• [Task objective] Begin at the line below that holds "800 Thread Count" and end at the line that holds "#八坂神社 #七尾市 #三藤観映", transcribing each line exactly and skipping any picture.

• [Provided records]
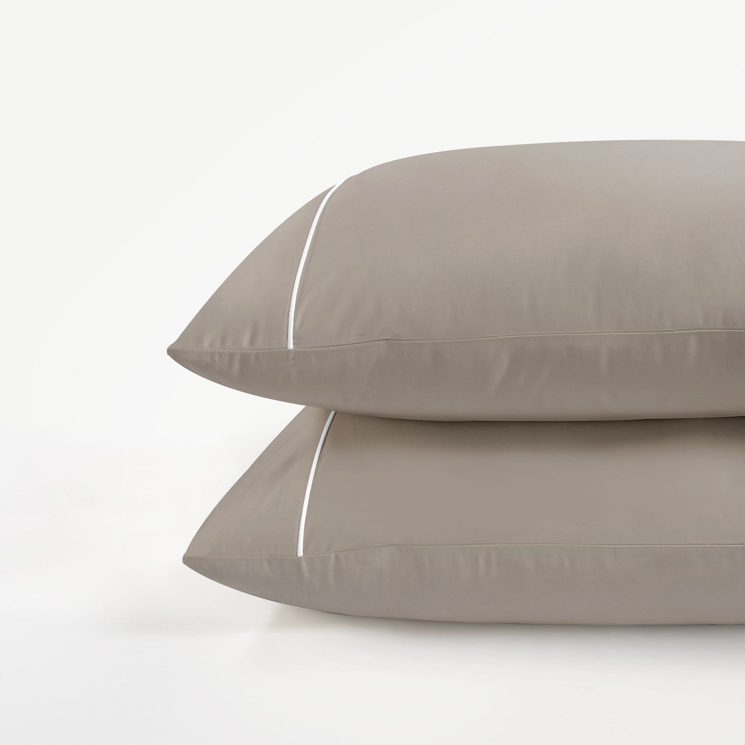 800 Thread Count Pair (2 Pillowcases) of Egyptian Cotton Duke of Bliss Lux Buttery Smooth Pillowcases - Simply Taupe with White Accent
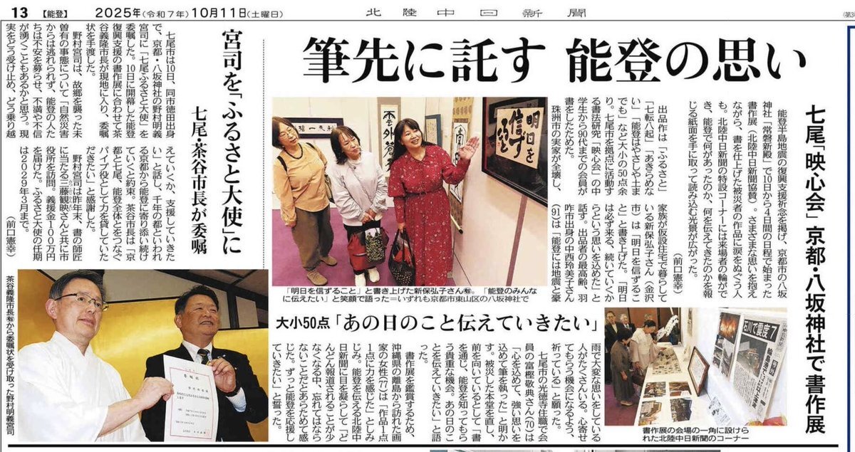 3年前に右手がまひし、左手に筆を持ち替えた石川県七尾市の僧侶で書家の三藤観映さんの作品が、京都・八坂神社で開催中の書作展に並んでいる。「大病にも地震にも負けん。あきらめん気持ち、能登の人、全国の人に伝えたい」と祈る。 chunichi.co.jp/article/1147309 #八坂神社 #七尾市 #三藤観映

...

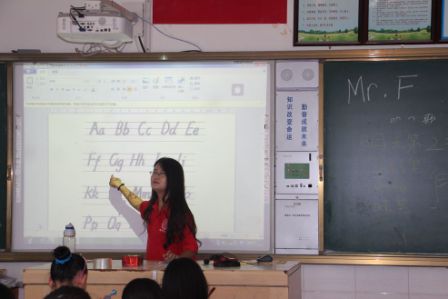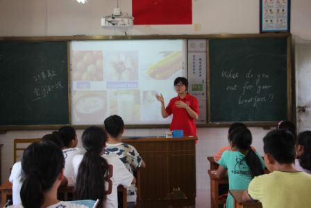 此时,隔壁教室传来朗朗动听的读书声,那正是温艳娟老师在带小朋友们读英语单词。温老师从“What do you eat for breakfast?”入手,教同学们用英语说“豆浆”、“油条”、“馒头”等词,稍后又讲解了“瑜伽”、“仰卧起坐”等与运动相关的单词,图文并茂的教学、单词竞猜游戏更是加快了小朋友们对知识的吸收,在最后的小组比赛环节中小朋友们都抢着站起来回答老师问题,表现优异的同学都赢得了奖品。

---

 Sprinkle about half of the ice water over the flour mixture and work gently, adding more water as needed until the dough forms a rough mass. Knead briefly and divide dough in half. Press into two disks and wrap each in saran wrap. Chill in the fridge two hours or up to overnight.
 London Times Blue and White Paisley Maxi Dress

• [Exercise result]
 800 Thread Count Pair (2 Pillowcases) of Egyptian Cotton Duke of Bliss Lux Buttery Smooth Pillowcases - Simply Taupe with White Accent
 3年前に右手がまひし、左手に筆を持ち替えた石川県七尾市の僧侶で書家の三藤観映さんの作品が、京都・八坂神社で開催中の書作展に並んでいる。「大病にも地震にも負けん。あきらめん気持ち、能登の人、全国の人に伝えたい」と祈る。 chunichi.co.jp/article/1147309 #八坂神社 #七尾市 #三藤観映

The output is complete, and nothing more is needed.